━━━ THE DATA ━━━
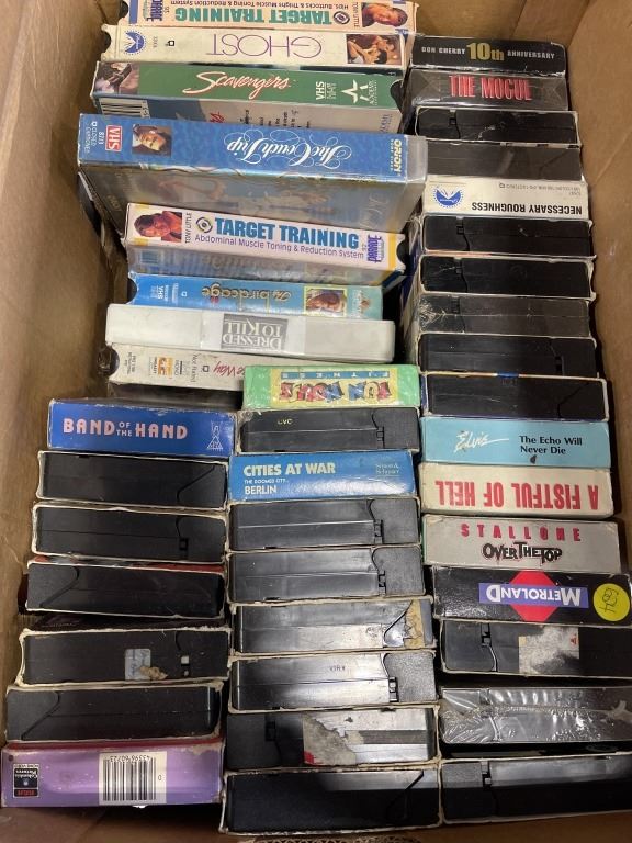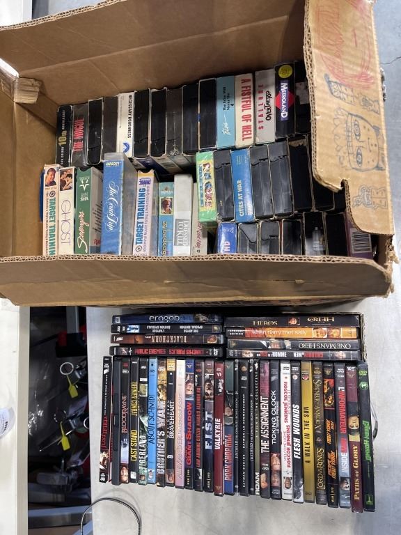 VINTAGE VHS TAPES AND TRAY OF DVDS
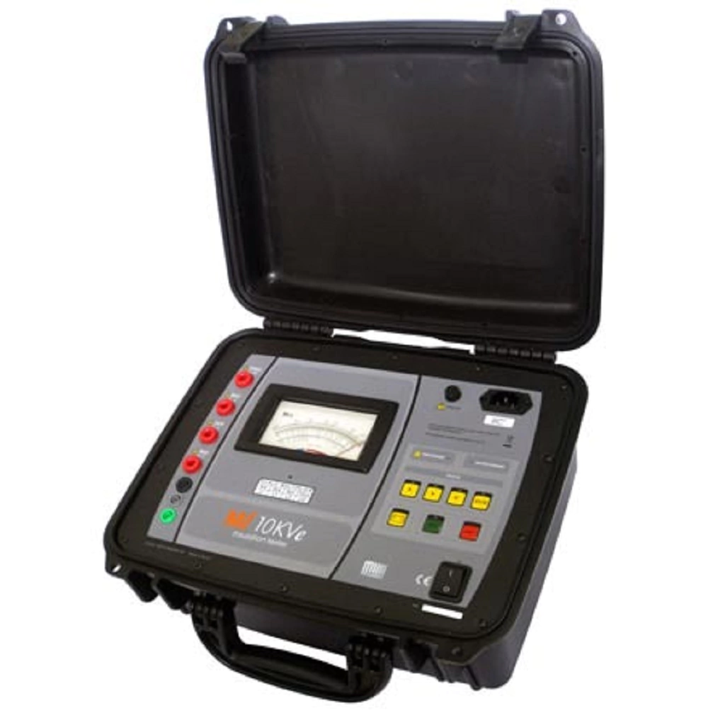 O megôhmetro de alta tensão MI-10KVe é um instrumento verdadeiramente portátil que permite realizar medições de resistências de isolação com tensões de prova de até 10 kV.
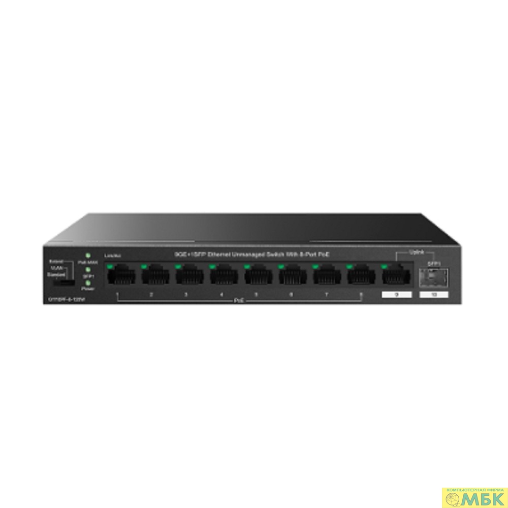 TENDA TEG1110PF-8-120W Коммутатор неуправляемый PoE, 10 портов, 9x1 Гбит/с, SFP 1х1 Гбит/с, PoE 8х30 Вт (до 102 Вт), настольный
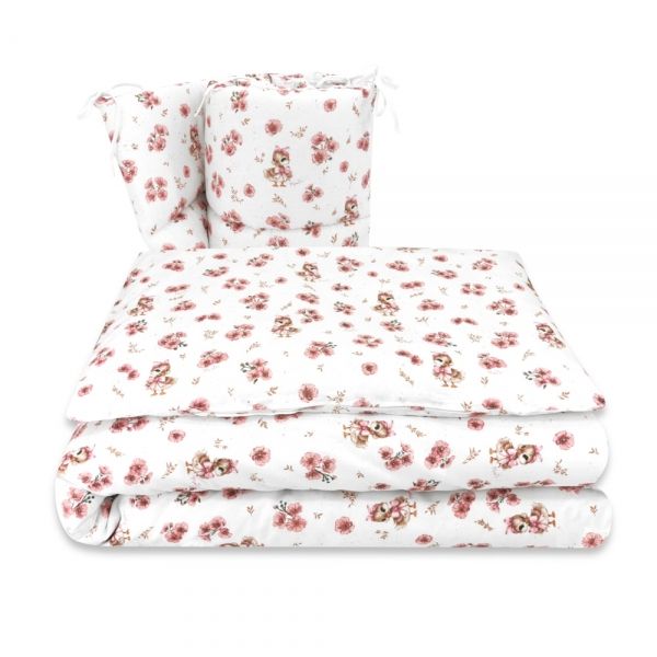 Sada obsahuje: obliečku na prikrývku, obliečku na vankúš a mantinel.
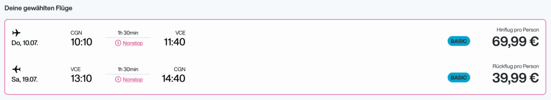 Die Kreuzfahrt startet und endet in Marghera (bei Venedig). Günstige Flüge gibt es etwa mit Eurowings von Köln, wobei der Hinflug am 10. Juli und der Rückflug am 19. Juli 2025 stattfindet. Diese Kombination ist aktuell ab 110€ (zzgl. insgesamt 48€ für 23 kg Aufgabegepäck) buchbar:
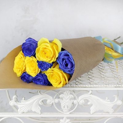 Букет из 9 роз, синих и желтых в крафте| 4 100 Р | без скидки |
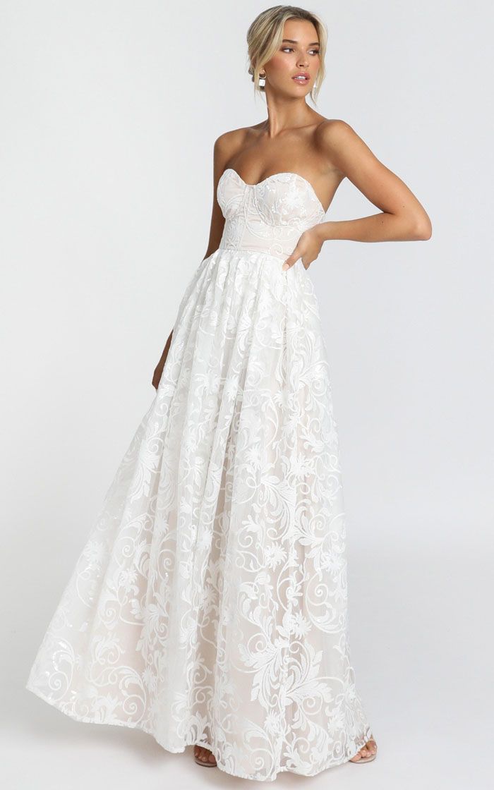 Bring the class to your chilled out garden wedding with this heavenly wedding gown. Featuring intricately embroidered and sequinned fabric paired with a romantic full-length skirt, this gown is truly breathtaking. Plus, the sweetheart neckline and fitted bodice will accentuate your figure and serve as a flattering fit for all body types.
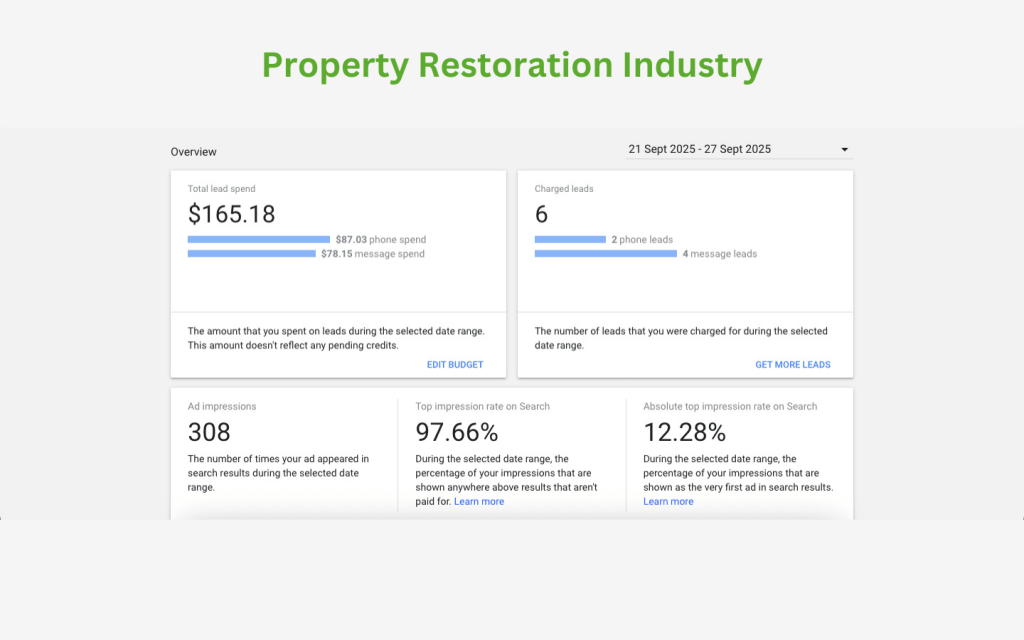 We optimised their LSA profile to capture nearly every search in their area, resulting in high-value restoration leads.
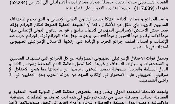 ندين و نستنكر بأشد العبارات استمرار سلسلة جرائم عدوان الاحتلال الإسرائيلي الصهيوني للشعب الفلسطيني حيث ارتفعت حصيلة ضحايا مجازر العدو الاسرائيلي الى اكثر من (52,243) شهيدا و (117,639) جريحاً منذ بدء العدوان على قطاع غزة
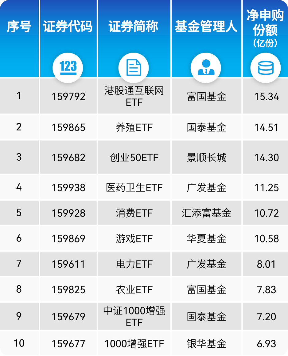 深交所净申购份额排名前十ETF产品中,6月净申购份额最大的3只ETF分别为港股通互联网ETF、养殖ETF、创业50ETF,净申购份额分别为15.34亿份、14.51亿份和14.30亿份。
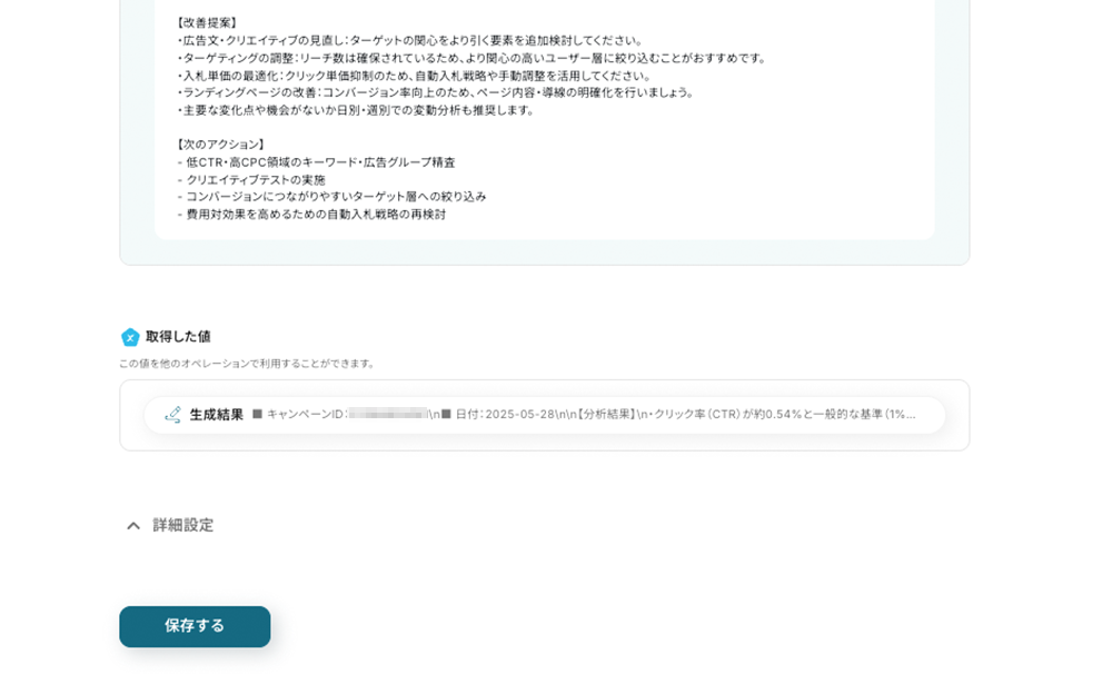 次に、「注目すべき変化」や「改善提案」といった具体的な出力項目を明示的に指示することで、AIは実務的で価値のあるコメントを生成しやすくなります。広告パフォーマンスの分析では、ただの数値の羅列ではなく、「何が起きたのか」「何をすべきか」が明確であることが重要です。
━━━
### [YOUR ASSIGNMENT]
Take the entries above and restate them word for word, minus their images.

### [TASK RESPONSE]
 VINTAGE VHS TAPES AND TRAY OF DVDS
 O megôhmetro de alta tensão MI-10KVe é um instrumento verdadeiramente portátil que permite realizar medições de resistências de isolação com tensões de prova de até 10 kV.
 TENDA TEG1110PF-8-120W Коммутатор неуправляемый PoE, 10 портов, 9x1 Гбит/с, SFP 1х1 Гбит/с, PoE 8х30 Вт (до 102 Вт), настольный
 Sada obsahuje: obliečku na prikrývku, obliečku na vankúš a mantinel.
 Die Kreuzfahrt startet und endet in Marghera (bei Venedig). Günstige Flüge gibt es etwa mit Eurowings von Köln, wobei der Hinflug am 10. Juli und der Rückflug am 19. Juli 2025 stattfindet. Diese Kombination ist aktuell ab 110€ (zzgl. insgesamt 48€ für 23 kg Aufgabegepäck) buchbar:
 Букет из 9 роз, синих и желтых в крафте| 4 100 Р | без скидки |
 Bring the class to your chilled out garden wedding with this heavenly wedding gown. Featuring intricately embroidered and sequinned fabric paired with a romantic full-length skirt, this gown is truly breathtaking. Plus, the sweetheart neckline and fitted bodice will accentuate your figure and serve as a flattering fit for all body types.
 We optimised their LSA profile to capture nearly every search in their area, resulting in high-value restoration leads.
 ندين و نستنكر بأشد العبارات استمرار سلسلة جرائم عدوان الاحتلال الإسرائيلي الصهيوني للشعب الفلسطيني حيث ارتفعت حصيلة ضحايا مجازر العدو الاسرائيلي الى اكثر من (52,243) شهيدا و (117,639) جريحاً منذ بدء العدوان على قطاع غزة
 深交所净申购份额排名前十ETF产品中,6月净申购份额最大的3只ETF分别为港股通互联网ETF、养殖ETF、创业50ETF,净申购份额分别为15.34亿份、14.51亿份和14.30亿份。
 次に、「注目すべき変化」や「改善提案」といった具体的な出力項目を明示的に指示することで、AIは実務的で価値のあるコメントを生成しやすくなります。広告パフォーマンスの分析では、ただの数値の羅列ではなく、「何が起きたのか」「何をすべきか」が明確であることが重要です。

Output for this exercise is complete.